Brian Christopher Rose (born October 19, 1979) is a former American stock car racing driver.

Racing career
Rose began his NASCAR career in 2001 in the NASCAR Craftsman Truck Series.  He ran 15 races for Rick Ware in the No. 51, scoring a best finish of 12th.

In 2002, Rose went in a new direction, joining Bobby Hamilton Racing. Driving the No. 4, he scored a career best finish of 3rd in the season opener at Daytona International Speedway.  However Rose was released later in the season.  He raced for Billy Ballew Motorsports and Rick Ware Racing to finish off the season.  He finished the season racing 21 races, with 1 top five, 5 top tens, finishing 22nd in points.

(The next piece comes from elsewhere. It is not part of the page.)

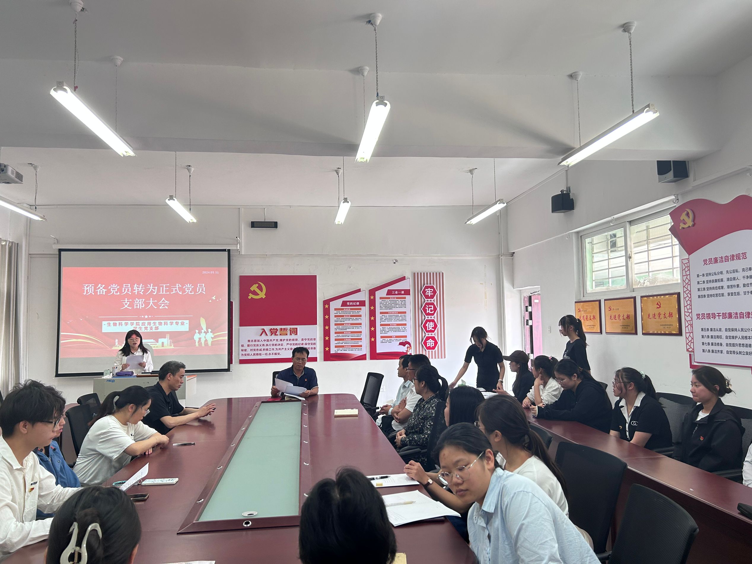 5月31日,mjm世界杯官网应用生物科学专业员工党支部于致远楼608党建活动室召开预备党员转为正式党员大会。会议由党支部副书记孙秀华同志主持,支部委员、支部员工党员参会。

In 2003 he raced in two races before being suspended by NASCAR for failing to take a drug test; this followed an arrest that included charges for possession of marijuana and a handgun.

In 2010, NASCAR lifted the indefinite suspension, and Rose tried to make his first race at Nashville Superspeedway, but failed to qualify. However, the following race, he made the race at Kansas Speedway, but was caught up in a crash to end his day; he has not competed in NASCAR since 2010.

Legal troubles
On June 27, 2014, Rose was indicted on charges of running a Ponzi scheme involving an allegedly fraudulent coal mining operation starting in 2011. In 2016, Rose was sentenced to prison for 9 years.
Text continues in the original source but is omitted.